通过一些测试和调优，我们发现了 Quartz 作业和一组预定作业数量之间的最佳平衡。

We experienced a 100X throughput improvement in this way. Network bandwidth was our actual limit.

我们通过这种方式体验了 100 倍的吞吐量提升。网络带宽是我们的实际限制。

Answer 2

回答by Tomasz Nurkiewicz

First of all check How do I improve the performance of JDBC-JobStore?in Quartz documentation.

首先检查如何提高JDBC-JobStore的性能？在 Quartz 文档中。

As you can probably guess there is in absolute value and definite metric.

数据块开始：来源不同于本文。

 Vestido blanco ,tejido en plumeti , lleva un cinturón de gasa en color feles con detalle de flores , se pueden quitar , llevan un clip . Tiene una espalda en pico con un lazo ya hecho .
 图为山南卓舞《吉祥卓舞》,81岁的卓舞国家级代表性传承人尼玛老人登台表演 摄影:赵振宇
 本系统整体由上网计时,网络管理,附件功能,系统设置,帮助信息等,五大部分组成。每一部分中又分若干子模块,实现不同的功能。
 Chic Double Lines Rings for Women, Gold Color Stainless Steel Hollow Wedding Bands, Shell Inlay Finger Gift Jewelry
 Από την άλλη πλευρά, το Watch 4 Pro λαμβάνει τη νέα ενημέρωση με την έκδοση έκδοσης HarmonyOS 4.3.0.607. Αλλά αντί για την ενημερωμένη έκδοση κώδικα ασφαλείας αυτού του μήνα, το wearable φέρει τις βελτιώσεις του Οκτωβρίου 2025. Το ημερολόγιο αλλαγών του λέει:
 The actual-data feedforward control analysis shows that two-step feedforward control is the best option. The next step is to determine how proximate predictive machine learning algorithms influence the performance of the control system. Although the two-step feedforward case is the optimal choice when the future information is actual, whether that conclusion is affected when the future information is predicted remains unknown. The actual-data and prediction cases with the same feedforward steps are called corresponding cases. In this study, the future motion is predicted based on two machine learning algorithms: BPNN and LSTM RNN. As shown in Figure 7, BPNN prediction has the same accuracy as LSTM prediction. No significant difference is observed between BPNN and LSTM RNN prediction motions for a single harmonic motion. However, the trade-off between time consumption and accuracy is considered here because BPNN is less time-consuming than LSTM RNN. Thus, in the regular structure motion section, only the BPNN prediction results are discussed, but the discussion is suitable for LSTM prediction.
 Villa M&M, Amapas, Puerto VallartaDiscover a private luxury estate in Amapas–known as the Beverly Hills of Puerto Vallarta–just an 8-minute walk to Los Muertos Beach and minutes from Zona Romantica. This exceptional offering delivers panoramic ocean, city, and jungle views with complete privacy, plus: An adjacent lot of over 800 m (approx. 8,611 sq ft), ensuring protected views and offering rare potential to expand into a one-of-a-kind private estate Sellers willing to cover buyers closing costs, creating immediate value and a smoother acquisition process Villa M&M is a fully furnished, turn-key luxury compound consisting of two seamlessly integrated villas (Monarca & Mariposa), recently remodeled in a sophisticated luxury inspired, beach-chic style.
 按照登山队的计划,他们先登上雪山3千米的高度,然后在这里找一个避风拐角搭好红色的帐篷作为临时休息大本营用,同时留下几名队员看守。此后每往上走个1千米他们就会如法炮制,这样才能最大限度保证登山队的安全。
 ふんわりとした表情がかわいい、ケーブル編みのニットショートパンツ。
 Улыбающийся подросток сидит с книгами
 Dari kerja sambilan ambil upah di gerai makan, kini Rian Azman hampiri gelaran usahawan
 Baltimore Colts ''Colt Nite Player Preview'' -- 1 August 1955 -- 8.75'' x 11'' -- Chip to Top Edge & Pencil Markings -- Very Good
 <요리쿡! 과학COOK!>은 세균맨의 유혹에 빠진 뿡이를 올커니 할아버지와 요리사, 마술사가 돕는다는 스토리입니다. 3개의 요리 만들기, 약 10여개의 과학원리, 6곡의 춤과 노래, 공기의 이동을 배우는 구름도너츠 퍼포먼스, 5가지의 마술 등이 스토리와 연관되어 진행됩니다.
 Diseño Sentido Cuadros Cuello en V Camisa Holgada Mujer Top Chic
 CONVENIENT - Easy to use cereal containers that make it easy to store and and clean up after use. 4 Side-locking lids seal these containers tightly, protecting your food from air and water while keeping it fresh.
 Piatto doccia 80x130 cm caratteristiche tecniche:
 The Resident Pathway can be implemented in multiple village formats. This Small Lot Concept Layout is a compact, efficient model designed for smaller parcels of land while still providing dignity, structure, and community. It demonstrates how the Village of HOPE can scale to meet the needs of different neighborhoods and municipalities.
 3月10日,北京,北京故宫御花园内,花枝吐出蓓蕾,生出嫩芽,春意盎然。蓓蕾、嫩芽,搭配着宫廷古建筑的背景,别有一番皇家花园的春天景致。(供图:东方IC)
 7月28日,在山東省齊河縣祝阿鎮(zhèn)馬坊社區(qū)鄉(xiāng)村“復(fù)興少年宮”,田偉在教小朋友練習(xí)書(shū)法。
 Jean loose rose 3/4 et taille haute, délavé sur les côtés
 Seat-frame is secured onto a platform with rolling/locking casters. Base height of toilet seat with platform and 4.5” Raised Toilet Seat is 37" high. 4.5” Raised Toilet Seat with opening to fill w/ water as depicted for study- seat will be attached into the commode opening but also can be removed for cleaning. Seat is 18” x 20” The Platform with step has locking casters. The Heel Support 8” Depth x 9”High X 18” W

It all depends on your setup. However here are few hints:

正如您可能猜到的那样，绝对值和确定指标是存在的。这一切都取决于您的设置。但是这里有一些提示：

20 jobs per second means around 100 database queries per second, including updates and locking. That's quite a lot!
Consider distributing your Quartz setup to cluster. However if database is a bottleneck, it won't help you. Maybe TerracottaJobStorewill come to the rescue?
Having Kcores in the system everything less than Kwill underutilize your system. If your jobs are CPU intensive, Kis fine. If they are calling external web services, blocking or sleeping, consider much bigger values. However more than 100-200 threads will significantly slow down your system due to context switching.
Have you tried profiling? What is your machine doing most of the time? Can you post thread dump? I suspect poor database performance rather than CPU, but it depends on your use case.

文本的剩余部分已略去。